En su discurso de proclamación por el Frente de Profesionales y Técnicos que apoyaban su candidatura, de junio de 1964, afirmaba Frei: “Asistimos a una vasta revolución. Han muerto viejas fórmulas y nace una nueva edad. Sería inútil negarlo. Por eso el mundo entero camina a través de un proceso de cambios que a todos los pueblos alcanza, y que hace inoperantes viejas fórmulas y antiguas instituciones. Ya nadie discute que en el mundo, como en nuestra América y en Chile, hay un proceso revolucionario”75. En el plano constitucional -agregaba en la misma ocasión- “el Presidente de la República debe tener el derecho de consultar directamente al pueblo por medio del plebiscito o referéndum acerca de los asuntos de gran trascendencia nacional. El Ejecutivo debe contar con un organismo técnico central de planificación; debe plantear un programa de acción con claridad y realizarlo con decisión; debe tener facultades suficientes y la iniciativa para mantener la unidad en la operación económica del Estado”76.

Estas ideas se verían reforzadas por los grandes triunfos obtenidos por la Democracia Cristiana no solo en las presidenciales de 1964, sino también en las parlamentarias del año siguiente. Pese a ello, no alcanzaría una mayoría en las cámaras que le permitiera hacer realidad su programa, lo que le impulsaría a presentar una serie de proyectos de reforma constitucional. “El pueblo elige su Gobierno -señalaba Frei en un discurso pronunciado para defender su proyecto de reforma presentado el año 1967- y elige un Parlamento para cumplir el programa que el Gobierno comprometió, y luego ocurre que aquellos que fueron derrotados, que son minoría, basados en el hecho de la renovación parcial del Senado, conservando muchos de ellos cargos que saben a conciencia que perderían si hubiera elecciones, tratan de hacer imposible la tarea del Gobierno”77. En el fondo se pretendía introducir como parte de las atribuciones presidenciales la planificación económica; de ahí que se miraran, en ese aspecto, con alguna envidia y hoy día incomprensible ilusión, los modelos del bloque comunista78. Pero a esas alturas el enfrentamiento ideológico era tan fuerte en las cámaras, que resultaría imposible que los proyectos de Frei se pudieran hacer realidad. Recién en 1970 se aprobaría una reforma constitucional en la que se acogieron parte de sus ideas79.
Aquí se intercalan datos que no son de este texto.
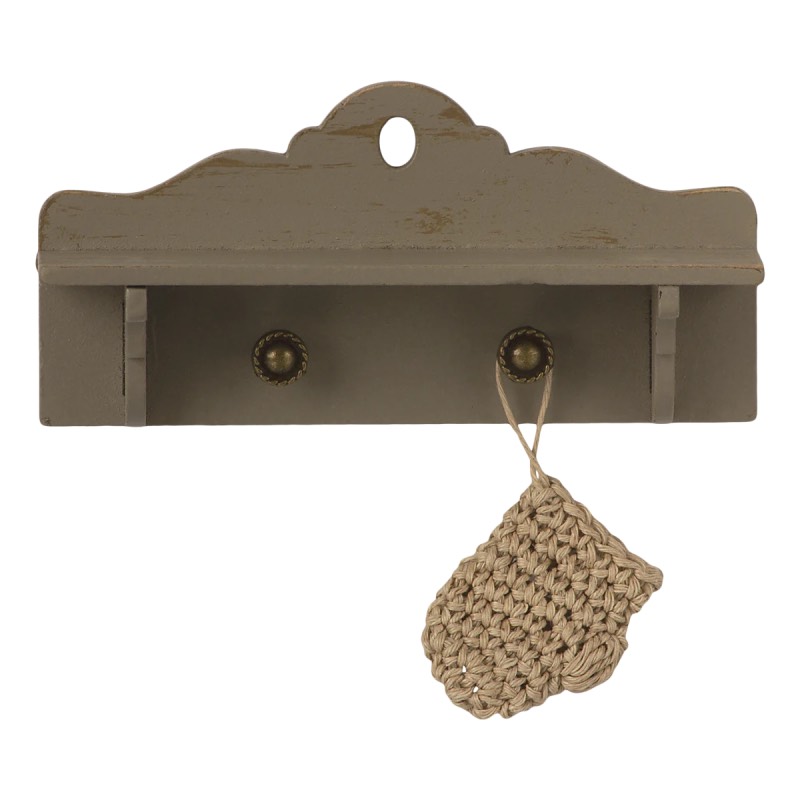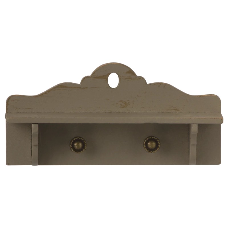 A charming miniature shelf in muted taupe, perfectly scaled for Maileg’s delightful dollhouse universe. Complete with two brass-effect pegs and gently aged detailing, it’s ideal for displaying tiny treasures or hanging miniature accessories.

Salvador Allende también llegó al poder con el propósito de cambiar de raíz el sistema constitucional chileno. No en vano asumía la primera magistratura apoyado por una coalición de partidos donde destacaban los de filiación marxista, como el suyo que era el Socialista, esto en medio de ese gran enfrentamiento ideológico que era la Guerra Fría. Aunque en el seno de la Unidad Popular había unidad en los fines -la transformación de nuestro país en una “democracia popular” de acuerdo a los modelos imperantes en el bloque soviético- se postulaban para alcanzarlos métodos diferentes. Mientras algunos sectores extremos habían llegado a propiciar hasta la vía violenta80, Salvador Allende defendería su vía “pluralista”, aquella que se aprovechaba de la “legalidad burguesa” para impulsar los cambios. Como lo señalaba en su intervención en el pleno nacional del Partido Socialista celebrado en Algarrobo en marzo de 1972, lo que correspondía era “transformar el aparato burocrático, el aparato del Estado como totalidad, la propia Carta Fundamental, en su sentido de clase”, pero había que aceptar la posibilidad “de que esa institucionalidad pueda dar paso a través de sus propios cauces a una institucionalidad con distinto sentido de clase”. El gran impulsor del proceso revolucionario había que buscarlo “en la estructura económica, en las relaciones de producción nuevas que estamos poniendo en funcionamiento de modo acelerado, en la conciencia de los trabajadores, en las nuevas organizaciones de los trabajadores que los cambios en la infraestructura deben producir, y que los partidos populares deben estimular y guiar”. Su conclusión era que “la negación del actual régimen institucional chileno” no podía “concebirse como producto de la acción voluntarista de una minoría osada, sino como fruto de la acción consciente y organizada de las grandes masas”. Al final de cuentas, “la tarea del momento es conquistar el parlamento. Ese es el camino más corto hacia el cambio cualitativo del aparato del Estado”81.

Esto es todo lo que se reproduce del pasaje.